口にしてから、聞き覚えのある台詞だと気付いた。

 遠い記憶は曖昧で不確かだ。今知っているものとは全然違う家族、町並み、その生活。

 それが、いわゆる『前世』とでもいうべき時代の経験だったと悟ったのはかなり自我が確立してから。

 自分を養ってくれた父は今一つ頼りない研究の虫で、母はもう亡い。正確な事実ではないけれど、いずれにせよかつて『自分』を育てていたのは母だけだったので、その辺から既に違う。


 その、前世の母は父と離婚して一人息子の自分を育てていた。それなりに収入は良かったが忙しく、平日は滅多に家にいなかった。たまの休日の楽しみは、その頃流行っていた女性向け恋愛シミュレーションゲーム、という辺り年甲斐もないと言うか妙に気が若いのか。

『今回のはね、これファンタジーで! なかなか期待値高いよ!』

 嬉しそうに見せびらかされたパッケージは中世風の背景ときらびやかなマントや剣を身につけた美形の騎士っぽい男が三人ばかり描かれている。その他にもずるずるの黒いローブを着たまた違うタイプとか逆に白いマントと木の枝を編んだ冠をかぶった神官っぽいのとか。

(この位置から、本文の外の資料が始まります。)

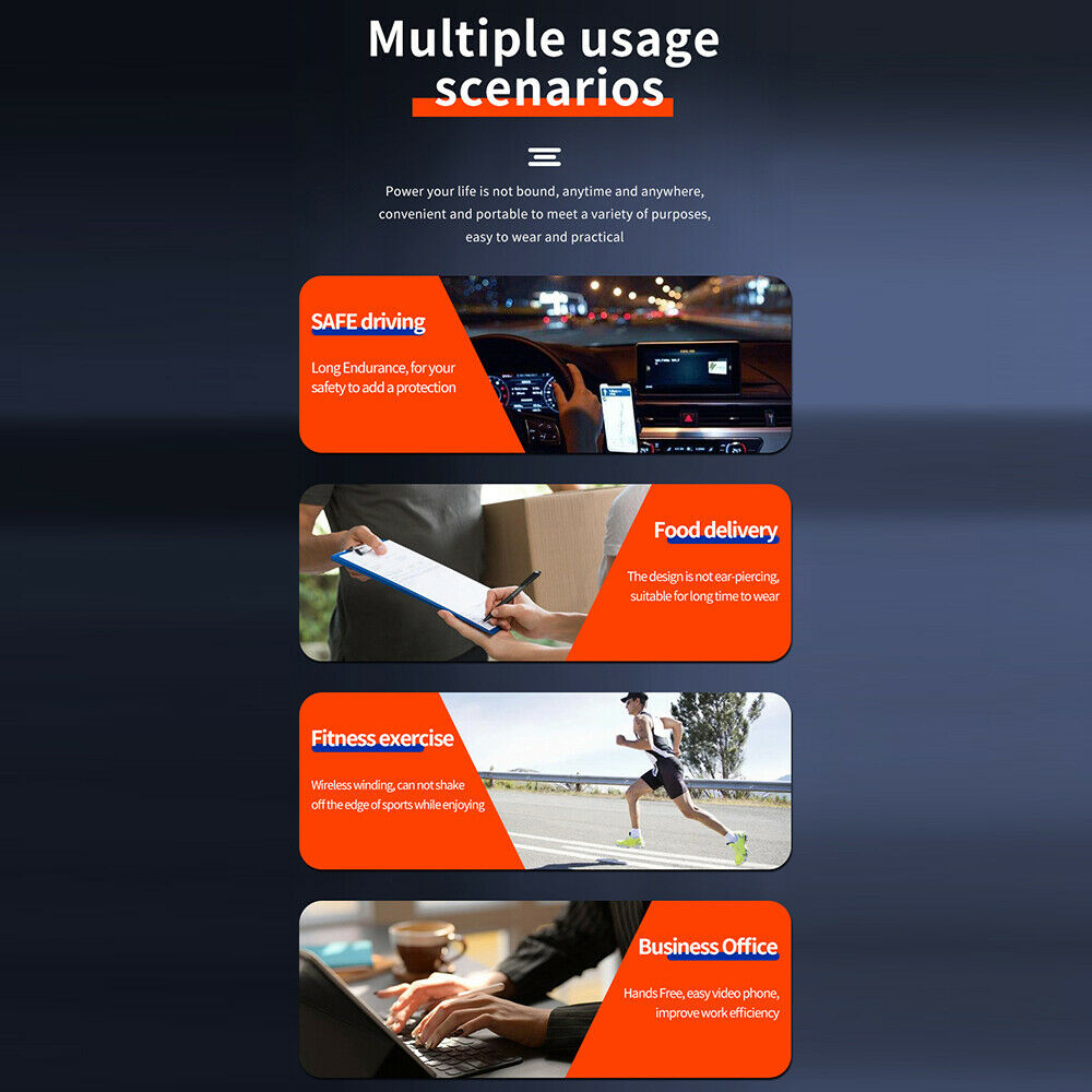 The headset could be used to answer/reject calling, skip/play/pause songs, and activate voice assistant, such as for Siri and for android voice assistant. With intelligent voice reminder, helping you to know the real-time status of your headset.

明らかに全員自分より年下だろうとかつっこむ気力も今更沸かない。

『そりゃようござんした。……じっくり楽しみなよ』

『言われるまでもないわよ』

 実際テンションを上げた彼女はそれを存分に楽しんだのだろう。

『王子様ったら結構可愛いんだよー、『国のためとはいえ、おまえを犠牲には出来ないっ』なんてねー』

『あー、でも騎士団長もいいよねぇ、真面目でさぁ。でも好感度あがると気を使ってくれるんだけど、それがまたぎこちないんだわ。神官様もそういう意味ではなかなか萌えるよね』

『この、伯爵の三男坊とか言う奴、ちゃらいくせに意外と熱いの。そういうのも捨て難い!』

 わざわざ教えてくれなくてもいいのにいちいち攻略キャラの解説をしてくれた。というか、あれはただ単に本人が語りたかっただけに違いない。パッションが高まっても一緒に盛り上がる相手がいないのは、気の毒だと思うけれど。

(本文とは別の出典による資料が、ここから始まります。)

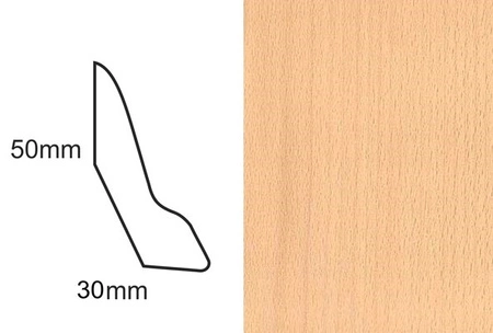 - Listwa przypodłogowa fornirowana, buk, nielakierowana o profilu LP60 i wymiarach 50mm x 30mm x 2000mm, idealna do bejcowania, olejowania czy lakierowania.
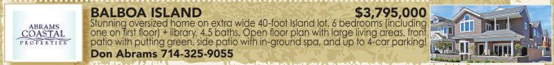 BALBOA ISLAND $3,795,000 Stunning oversized home on extra wide 40-foot Island lot. 6 bedrooms (including one on first floor) + library, 4.5 baths. Open floor plan with large living areas, front patio with putting green, side patio with in-ground spa, and up to 4-car parking! Don Abrams 714-325-9055
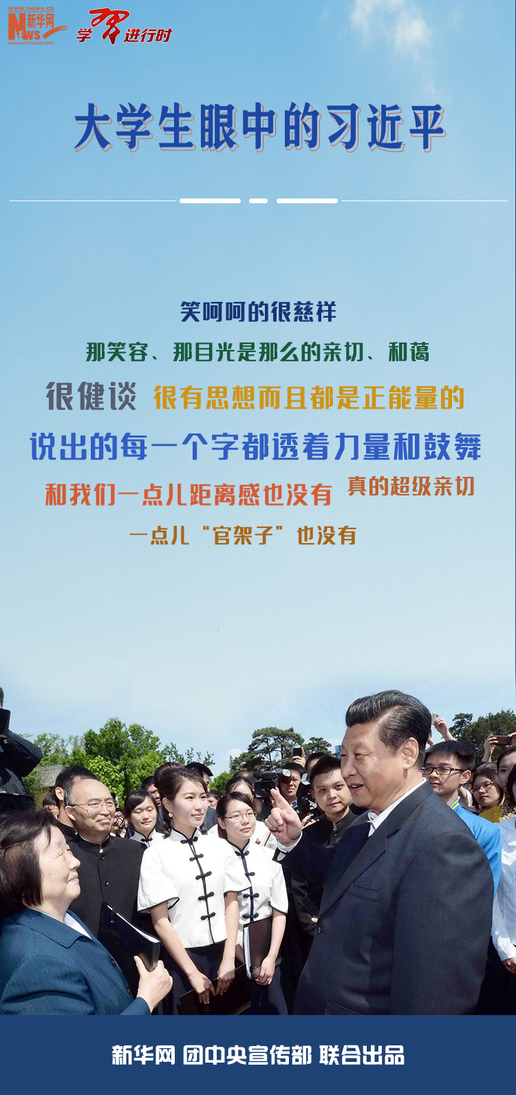 【學(xué)習(xí)進(jìn)行時(shí)】習(xí)近平對(duì)青年特別是大學(xué)生的重視關(guān)懷始終如一,多次與青年大學(xué)生交流交心交友。凡是與習(xí)近平有接觸的大學(xué)生,談起和他交往的一點(diǎn)一滴都記憶猶新,都認(rèn)為習(xí)近平的一言一行一直深深影響著他們、激勵(lì)著他們。新華社《學(xué)習(xí)進(jìn)行時(shí)》為您整理了不同時(shí)期多位大學(xué)生對(duì)習(xí)近平的深刻印象,與您共同感受這份親切與溫暖。

『これこれ、こいつがエリート。いけ好かない奴なんだよねー』

『何、いけ好かないのも攻略する必要があるのか?』

『いや、こいつに限っては恋愛的に攻略するんじゃなくて自分の能力で納得させることになるの。……いやそれが嫌みったらしいんだわ、もう!』

 ディスプレイに映し出されたのは今までの彩り鮮やかで美麗な男達ではなく、濃い灰色のフードをかぶった人物だ。宝石らしい飾りを額辺りに巻いているのが僅かに覗くが、それ以外は陰になって顔も見えない。ただし紡がれる言葉は十分彼女の意見を納得させるようなものだ。

『やる気がないならさっさと出ていけ。使いものにならん奴まで相手にしてやる余裕はない』

 声を当てている声優が男性だからキャラクターも男なのだろうが、素っ気なく吐き捨てるその口調から確かに甘い感情は期待できそうにない。『恋愛シミュレーション』の本道から言うとストーリーのスパイス的役割であって主人公とのラブ展開はないのだろう。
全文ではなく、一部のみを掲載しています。